Sightings listed for the Southeastern Vermont Audubon Society

Sunday, July 15, 2012

{BIRD NOTES} ~ July 14, 2012

Broad-tailed Hummingbirds, Red Feather Lakes, CO © Sandy Merritt

Bird Notes



Sora Rails (7/7)

This morning 1 adult SORA RAIL and 3 chicks were busy feeding around the edges of the Miller Farm Pond in Vernon. Nice surprise!
Also there were 2 Great Egrets in the West River behind the Marina Restaurant.

---Dave Johnston, W. Brattleboro, VT



Little Egret in Quebec

Since I am in St. Albans for the summer, I went to see the Little Egret (adult nonbreeding) which was found on July 6 at the Recre-o-parc in St. Catherine, Quebec, on the south side of the St. Lawrence River near Montreal.  It is still there as of late morning today, 7/9/12, feeding actively along the shore.  It is the second record in Quebec, the first occurring in 1980.  

---Nori Howe, W. Brattleboro, VT   



Broad-tailed Hummingbird

My sister sent me this photo (See attachment) of the assemblage of Broad-tails that greets her each morning at about 5 a.m.  It is the common hummingbird at her home in northern Colorado.  Note in the picture the hummer with tail fanned directly in front of her, is living up to its name. They are fearless little creatures that attack the feeders before she can hang them on her deck. Frequently they land on her hands and arms if she is slow in hanging their food. She also writes that there are now 3 Rufous Hummingbirds that have joined the early morn fray. At the peak of the season she admits to going through 10 pounds of sugar a week.  Yipes!

---Chipmunk Crossing, West B.



Nature’s Insect Removers

Basically we still have the same group of avian creatures frequenting our little acre as we did last time. That is, all except one. A young Crow has taken up the chore of gleaning the insects that inhabit our grass. We watch with amusement as it walks back and forth and around the perimeter of the yard pecking in the grass. Sometimes raising its head to expose a large beetle in its beak or a smaller unidentifiable insect. It seems to be reward enough for its efforts because it continues this practice for hours on end. The only time the bird flies is when it arrives or leaves the area. This all takes place during the day shift.

          The night shift checks in at about 8:45 p.m. with the arrival of 3 Little Brown Bats that take over the flying insect eradication process. They flutter ‘round and ‘round overhead, black images against the waning light of the sky, vacuuming mosquitoes and other night flying pests. I found that they are roosting in a niche in the peak of our log home directly beneath the roof’s edge. Their droppings on the blacktop gave them away.

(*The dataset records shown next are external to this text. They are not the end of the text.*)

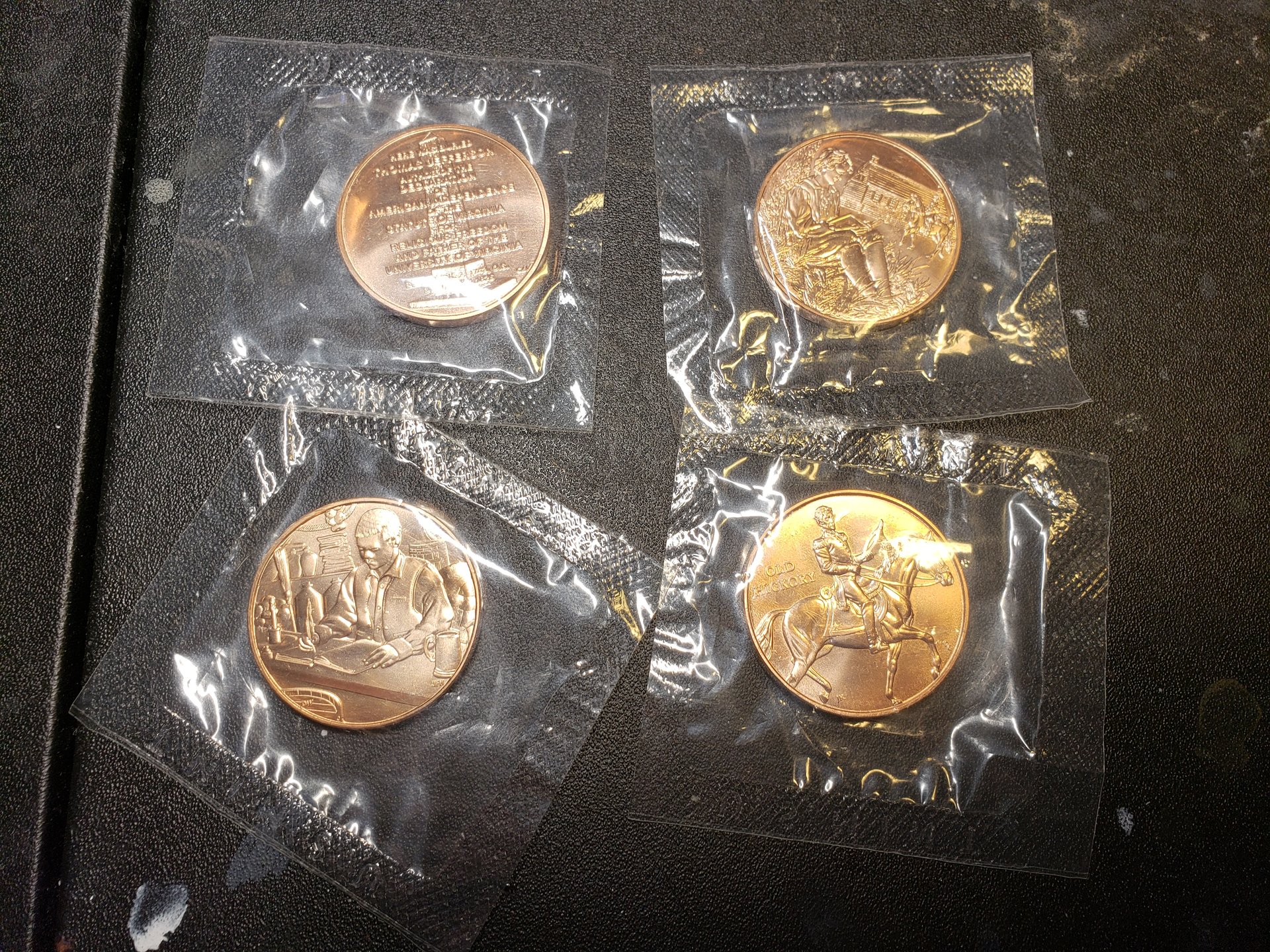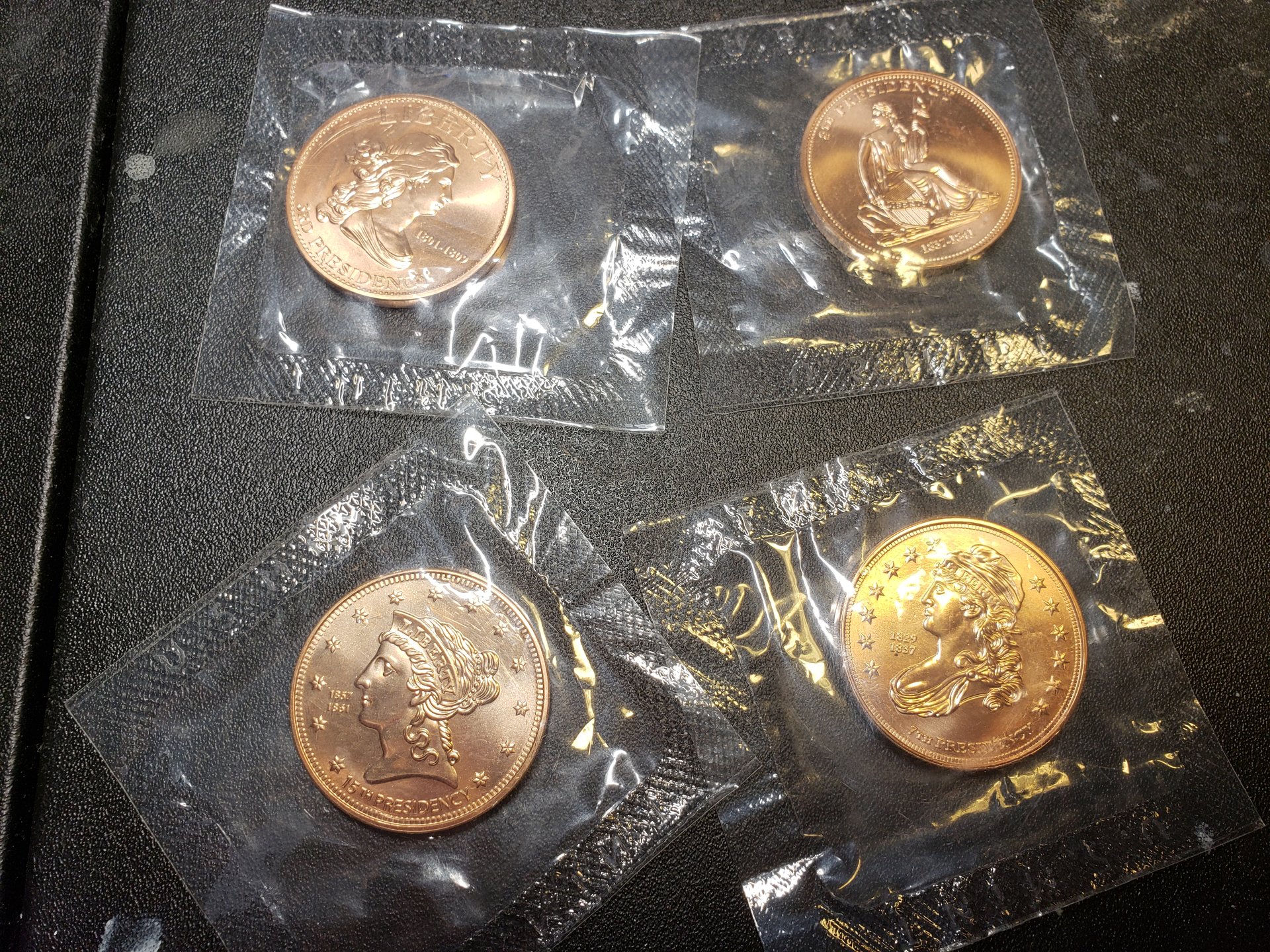 Finally got home after some travel and was able to open my gift. First, I had to cut my way through this impressive packaging: My reward was these beauties. I have been out of the loop for a while and had no idea they made these. I really like the classic coin obverses and the reverses without any text. Thank you Santa, very nice!
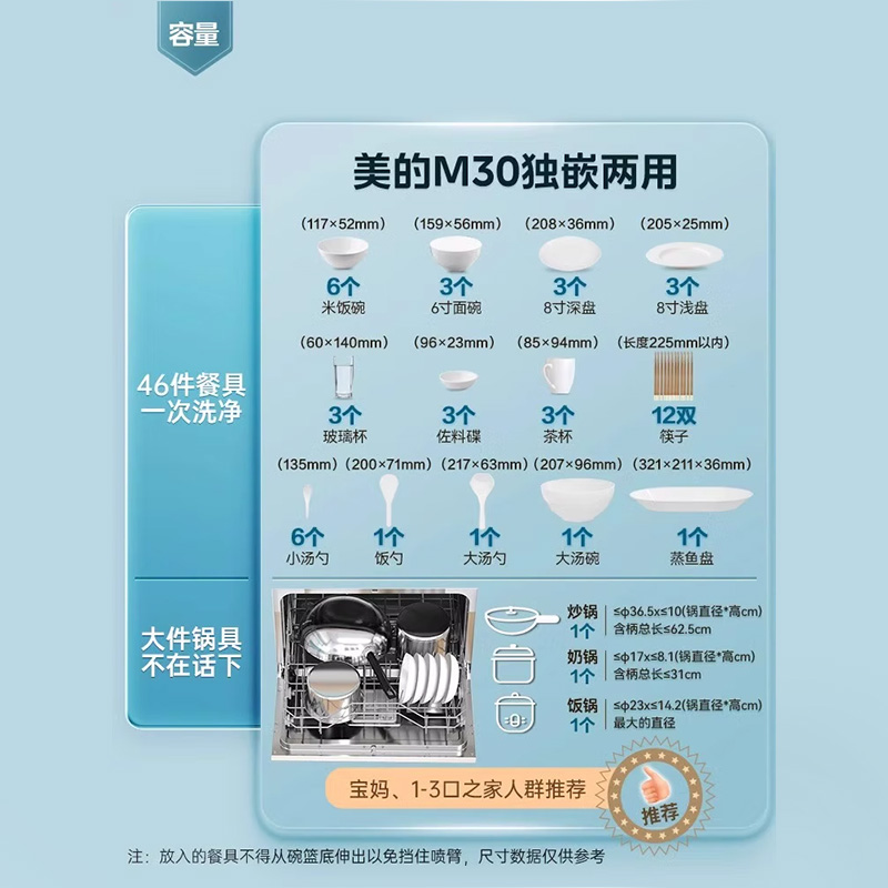 【洗碗机首选】美的洗碗机M30台面嵌入式小型免安装消毒烘干一体
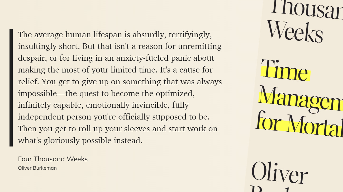 I just finished this wonderful book about our relationship with time. The book is focused on revealing the finite nature of our brief time on earth (i.e. four thousand weeks), and the power we can unlock by facing up to and internalizing its finitude. Money quote:

          Then too with the approaching of darkness, Fireflies start blinking in the garden like so many mini Christmas lights. When the month of June passed with no sign of them, we thought that possibly the lack of snow last winter froze them out. But, now in July they are showing up with numbers growing each evening. Somehow they managed to survive and are appearing a month behind schedule. For what reason, we don’t know, but it is a wonderful sight to see the trees and bushes twinkle again as soon as darkness falls.